### SUPPLIED MATERIAL
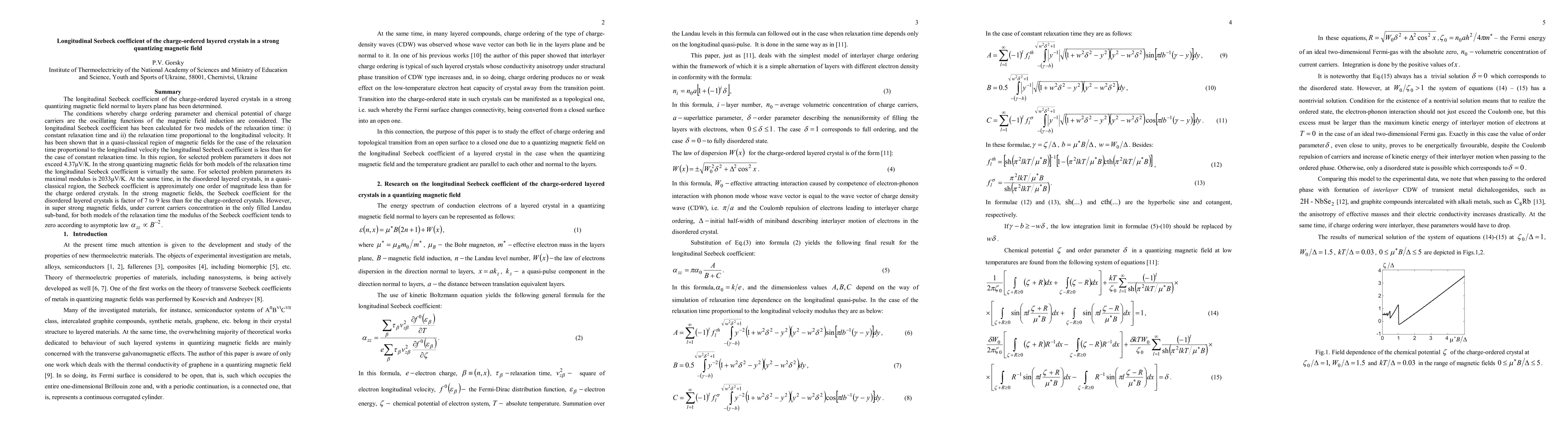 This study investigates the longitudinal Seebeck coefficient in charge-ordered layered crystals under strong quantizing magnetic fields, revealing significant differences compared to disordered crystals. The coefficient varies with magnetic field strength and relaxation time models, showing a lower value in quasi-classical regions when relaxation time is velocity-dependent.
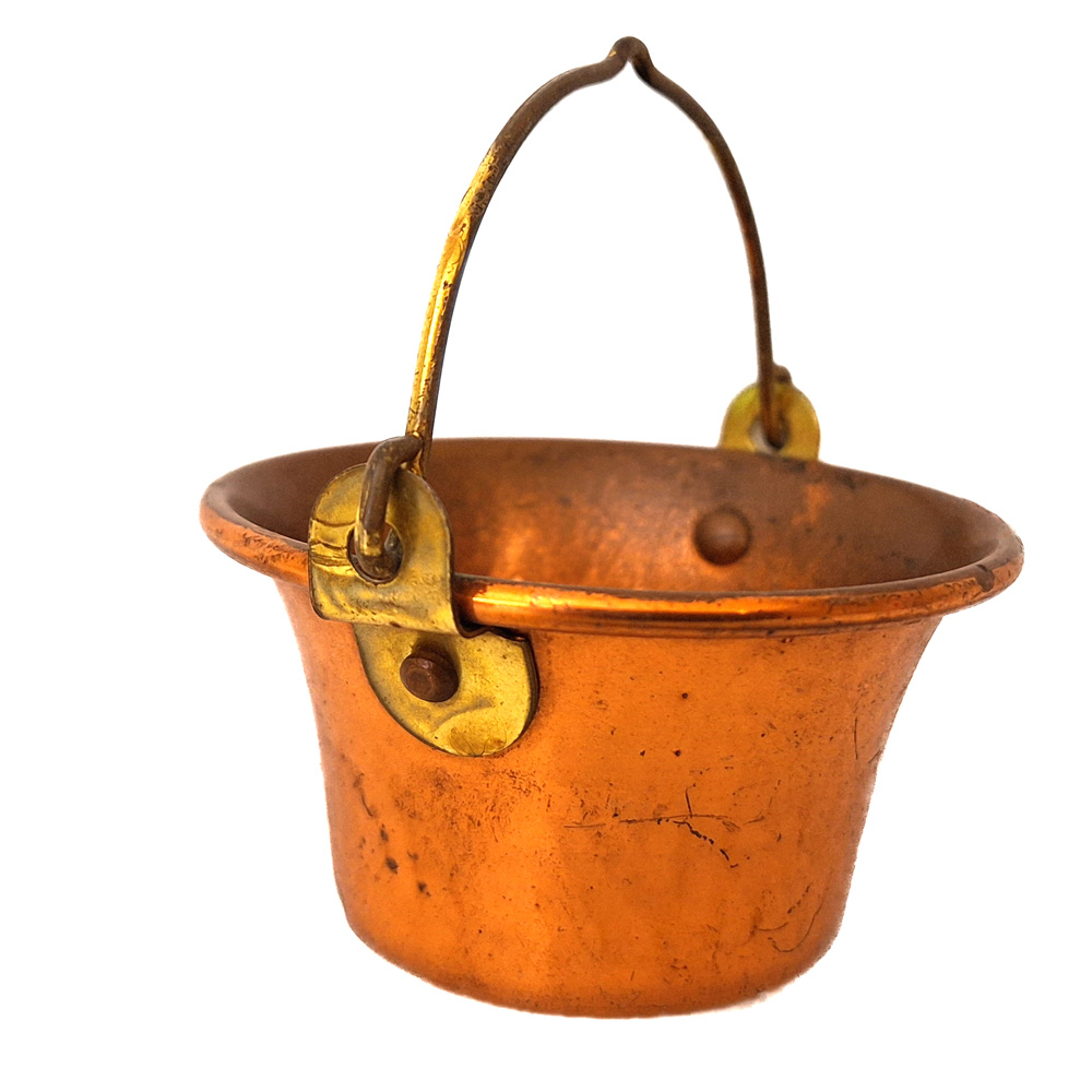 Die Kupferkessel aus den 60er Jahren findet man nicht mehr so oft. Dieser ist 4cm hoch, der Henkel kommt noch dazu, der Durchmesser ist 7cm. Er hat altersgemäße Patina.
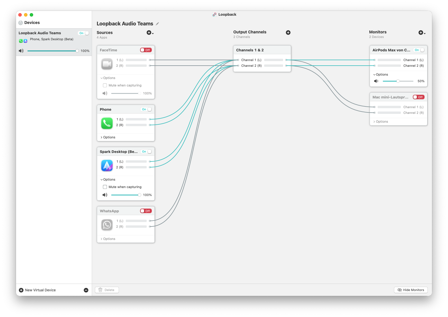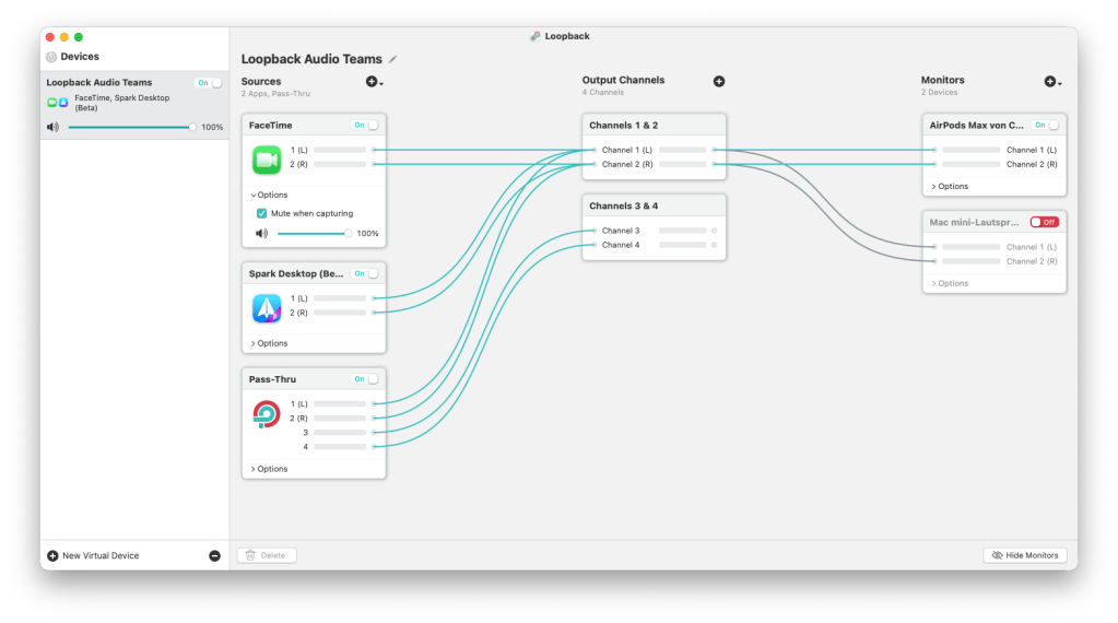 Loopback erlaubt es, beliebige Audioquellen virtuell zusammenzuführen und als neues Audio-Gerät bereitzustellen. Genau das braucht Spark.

### INSTRUCTIONS FOR THE TASK
Would you return all the data exactly as given, minus the pictures?

### ANSWER SECTION
 This study investigates the longitudinal Seebeck coefficient in charge-ordered layered crystals under strong quantizing magnetic fields, revealing significant differences compared to disordered crystals. The coefficient varies with magnetic field strength and relaxation time models, showing a lower value in quasi-classical regions when relaxation time is velocity-dependent.
 Die Kupferkessel aus den 60er Jahren findet man nicht mehr so oft. Dieser ist 4cm hoch, der Henkel kommt noch dazu, der Durchmesser ist 7cm. Er hat altersgemäße Patina.
 Loopback erlaubt es, beliebige Audioquellen virtuell zusammenzuführen und als neues Audio-Gerät bereitzustellen. Genau das braucht Spark.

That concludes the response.